Brazil, which has the largest number of Ukrainians and their descendants in Latin America, has said it will issue temporary humanitarian visas and residence permits to Ukrainian citizens and other war victims.

In Hungary, a pastor in a village on the border with Ukraine offered a single room in his church to a family of 27 women and children fleeing the invasion.


Russia has acknowledged that nearly 500 Russian servicemen have been killed and about 1,600 wounded. Among them is the commander of the 7th Airborne Division of Russia, Major General Andrei Sukhovetsky, who had previous experience in Syria.

Ukraine has not released figures for the loss of its armed forces.

The UN Office for Human Rights reports that at least 331 civilians have been killed and 675 wounded since the invasion of Ukraine.

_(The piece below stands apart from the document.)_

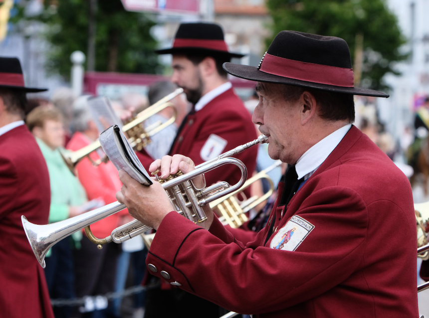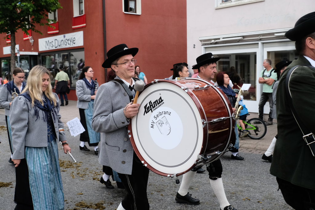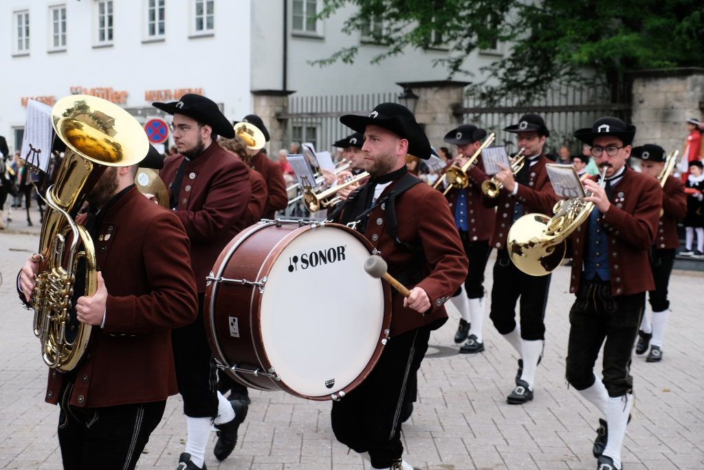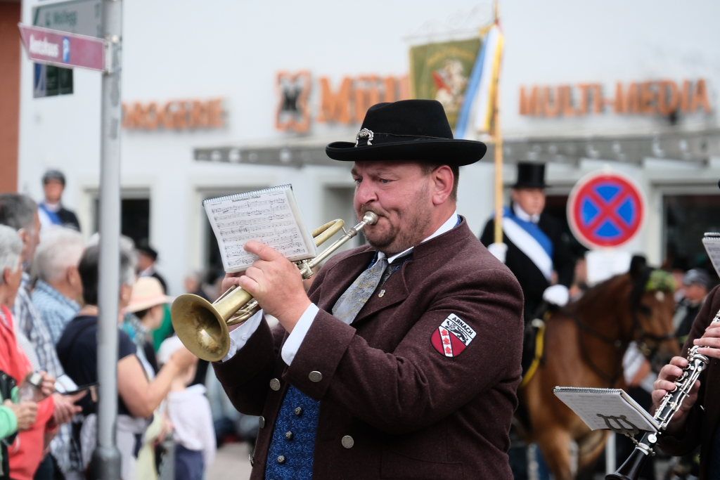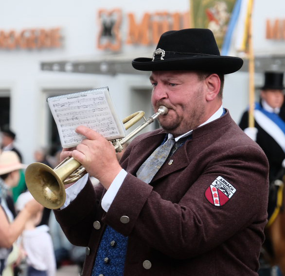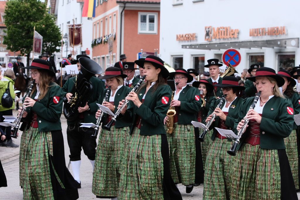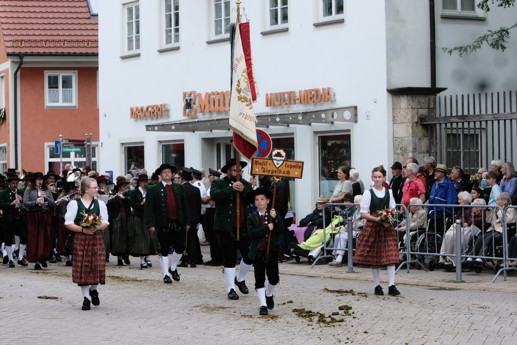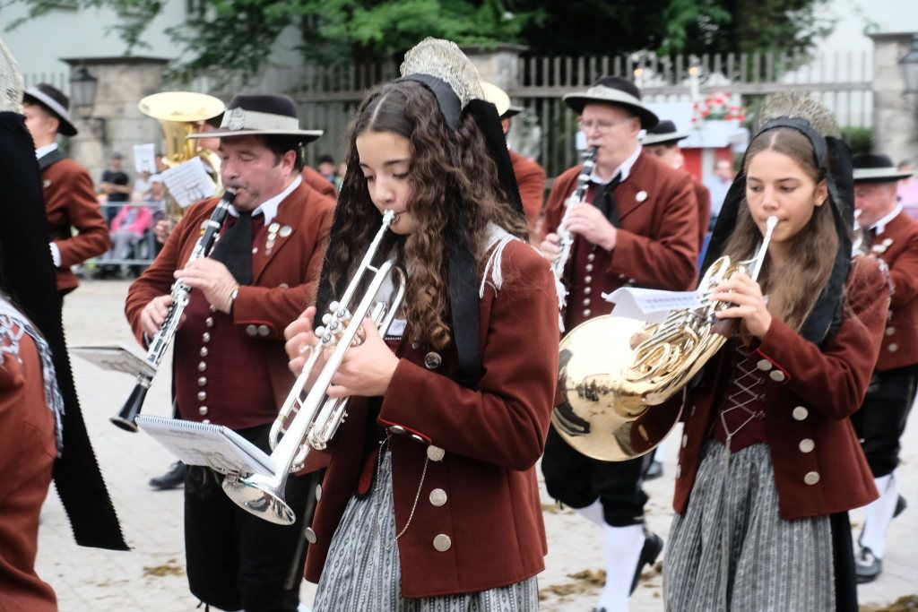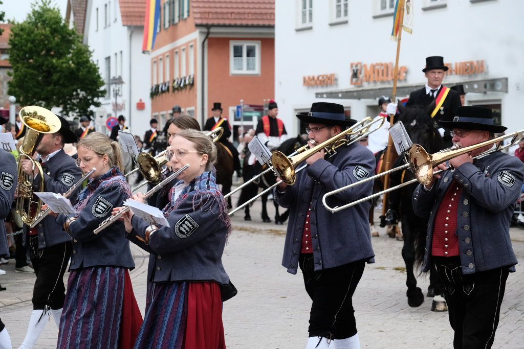Die Musikkapelle Arnach wurde von Vizedirigent Gerhard Längst geleitet. Insgesamt marschierten 31 Musikkapellen beim Bad Wurzacher Blutritt des Jahres 2024 mit.

The State Emergency Service of Ukraine said that more than 2,000 civilians were killed, but it is impossible to verify this statement.


A wave of global sanctions against Russia could have devastating consequences for importers of energy and grain. Russia is a leading exporter of grain and a major supplier of crude oil, metals, wood and plastics.

More and more companies are suspending operations in Russia, including Apple, Mercedes-Benz, BP, Volkswagen, an H&M clothing retailer and an IKEA furniture store.

The Spanish theater “Real”, one of the largest opera houses in Europe, said it was canceling a series of future performances of the Russian Bolshoi Ballet.


Russian President Vladimir Putin on Friday signed a bill threatening up to 15 years in prison for what Russia considers “false” reports of war.

The state communications service also blocked Facebook, Twitter and five foreign media outlets that publish news in Russian. These organizations – the BBC, funded by the US Voice of America and Radio Free Europe / Radio Liberty, the German TV company Deutsche Welle and the Latvian website Meduza – are among the most influential and often critical foreign media in Russian.